In the experiments described the concentrations of the contrast agents are in a typical range for biological and medical MR imaging and therefore reflect reality of today’s contrast agent applications. The improved discrimination between tissue with and without contrast agent observed in the localization measurement gives rise to the expectation that dreMR imaging can lower the detection level of contrast agents. For imaging of animal and human tissue, the influence of paramagnetic ions has to be investigated. These ions occur in some organs like e.g. the liver and can cause a relaxation dispersion in tissue leading to a background signal [8].

Many applications can benefit from dreMR measurements to a high degree. Especially molecular and cellular imaging usually use contrast agents for detection, but often require long times for contrast agent accumulation or intend to observe the temporal development of a process. dreMR measurements promise to overcome many temporal problems arising from the long time scales and to allow for measurements with lower concentrations.

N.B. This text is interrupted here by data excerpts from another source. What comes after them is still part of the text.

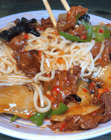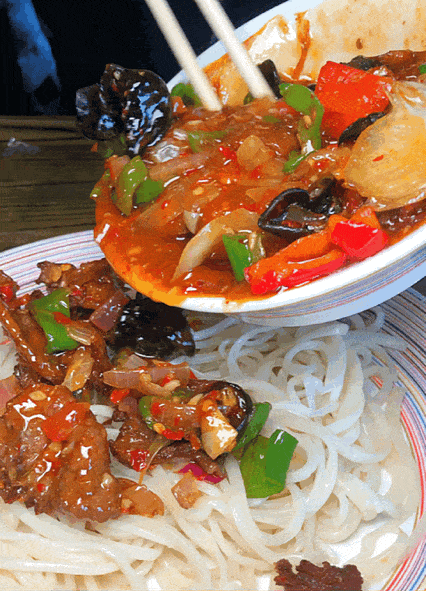 這些米粉隨着貴州的“疆漂”來到新疆之後就打開了新紀元的大門——變身炒米粉。當米粉隨着辣椒和肉塊一起在鍋裏翻騰時,新疆的辣妹子早就暴露了自己的吃貨本性。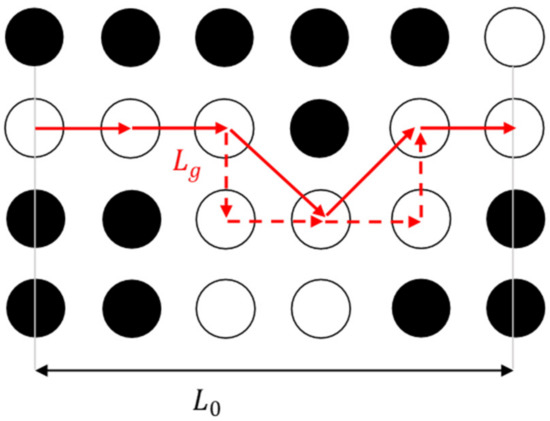 In Equation (1), as in Figure 1, L0 is the shortest route length of the analyzed material (commonly the length of the straight-line size domain), and Lg is the mean of the effective routes’ length obtained by considering the void spaces in the material.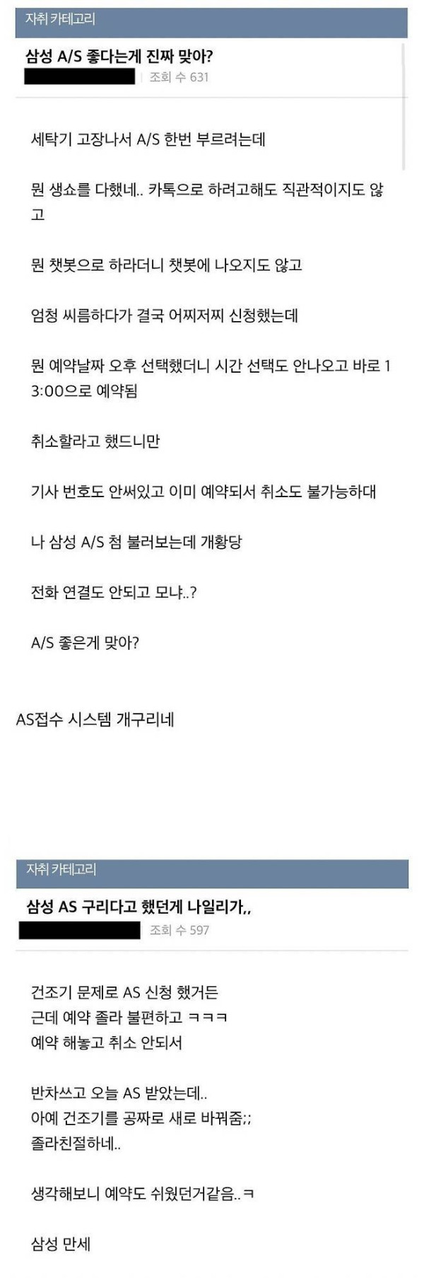 삼성 A/S 접수하다 화가 많이 난 자취생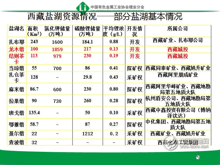 其中,扎布耶盐湖在西藏日喀则地区仲巴县境内,湖面海拔4221m,湖区面积243km2,碳酸锂储量184万吨,是著名的低Mg/Li比碳酸型盐湖。西藏矿业 采用“冷冻除碱硝-梯度太阳池升温析锂”生产碳酸锂,目前产量为6000t/y。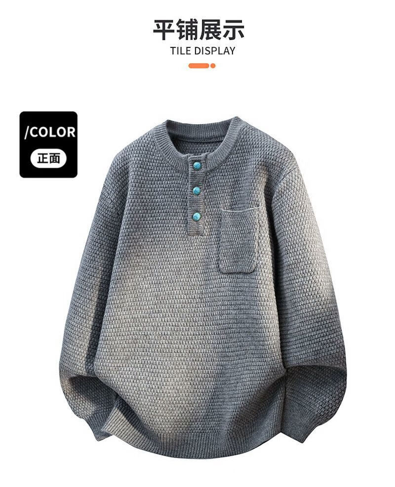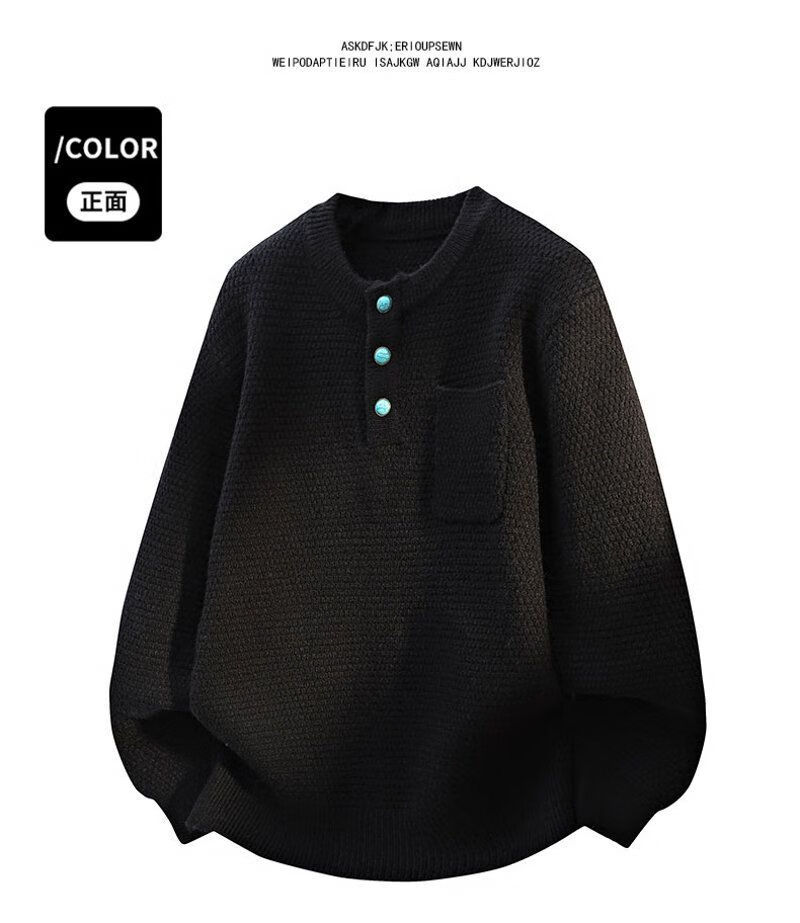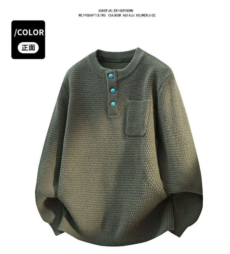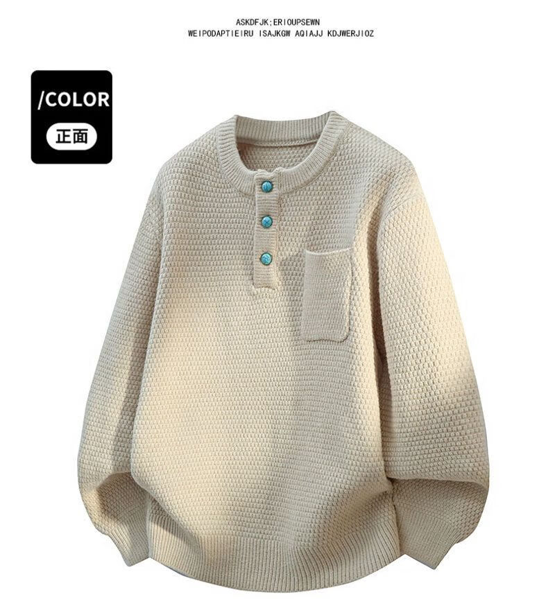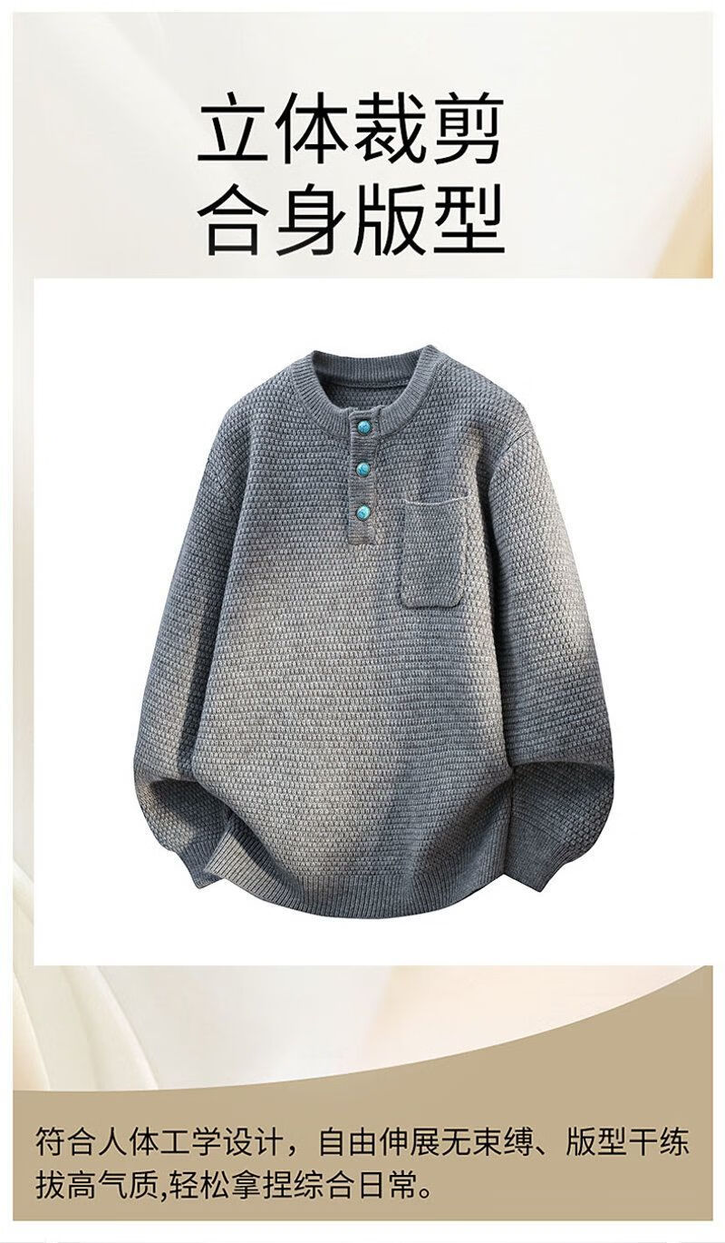 O NEILLONEILL/O'Neill Henry collar solid color sweater men's winter retro all-match warm knitted sweater inner top khaki M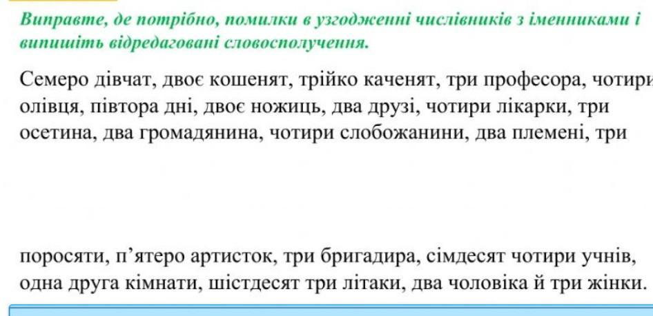 Семеро дівчат - сім дівчат, двоє кошенят, трійко каченят, три професора - три професори, чотири олівця - чотири олівці, півтора дні - півтора дня, двоє ножиць, два друзі - два друга, двоє друзів, чотири лікарки - чотири лікарі, три осетина - три осетини, два громадянина, чотири слобожанини, два племені, три поросяти, п’ятеро артисток - п’ять артисток, три бригадира - три бригадири, сімдесят чотири учнів - сімдесят чотири учні, одна друга кімнати, шістдесят три літаки, два чоловіка й три жінки - два чоловіки й три жінки.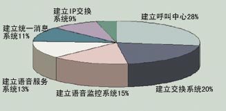 目前,語音卡已經廣泛應用于各行各業(yè),應用尤其以呼叫中心應用最為典型。 呼叫中心普遍應用于各種行業(yè)部門中,例如:電信、金融、政府機關、醫(yī)療、保險部門、電力等及其他一些應用,像121天氣預報等。對用戶的抽樣調查中,已經使用語音卡的用戶占58%,計劃使用的占26%,而語音卡的應用以前臺、客戶服務部和售后服務部應用居多,可見語音卡的應用市場潛力非常巨大。語音卡的應用中主要以建立呼叫中心和交換系統(tǒng)為主,常用于查詢、咨詢和電話委托交易等。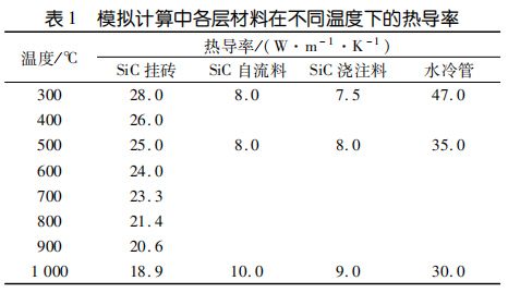 水冷壁內(nèi)襯的熱傳導性能需要與爐況相匹配,既要盡可能多地將熱量傳導出去發(fā)電,又要保證一通道出口溫度不低于 850℃。模擬計算設定耐火材料熱導率恒定,暫不考慮使用過程中耐火材料組成變化對熱導率的影響和爐襯表面積灰對爐襯熱傳導的影響也不考慮掛釘和錨固釘對熱傳導的影響。進行模擬計算時,水冷壁內(nèi)襯各工作層選取的熱導率見表1。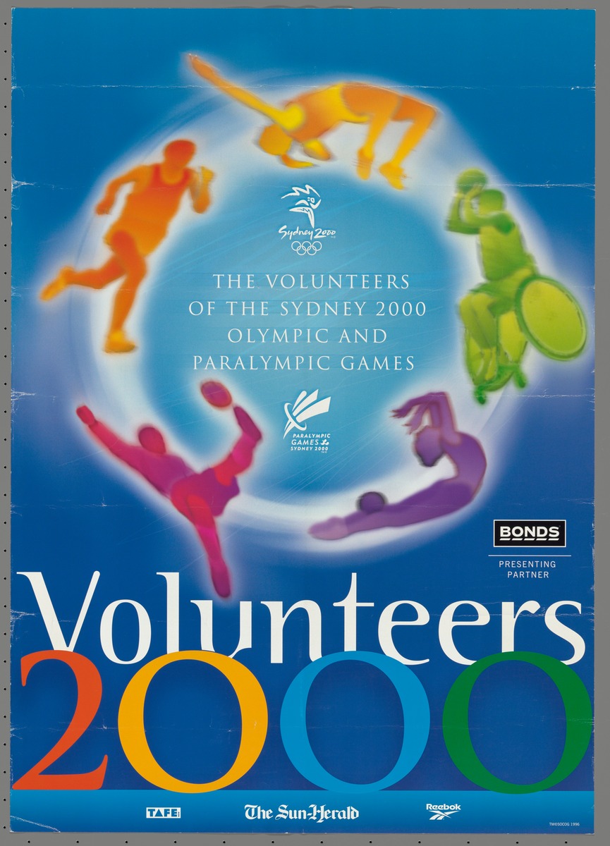 The computer graphics images of the poster are from very popular sports, athletics, football, gymnastics and wheelchair basketball. Caption: "The Volunteers of the Sydney 2000 Olympic and Paralympic Games. Volunteers 2000. Bonds presenting partner. TAFE. The Sun Herald. Reebok".

In future experiments we will improve the hardware and apply this technique to small animal imaging. We expect this method to expand application fields for contrast agents.

Conclusion

In this work, we have expanded the dreMR theory to quantitative concentration measurements and proposed a correction to the theory to include effects of finite ramp times during the field-cycling. We demonstrated profound quantification and localization with dreMR imaging at 1.5 T in a clinical scanner. This mechanism exclusively provides signal at locations with contrast agent and suppresses pure tissue. Its data can be used for exact quantification of concentrations. The dreMR image allows clear differentiation between tissue with and without contrast agent whereas a conventional image suffers from a heterogeneous background masking the contrast agent signal.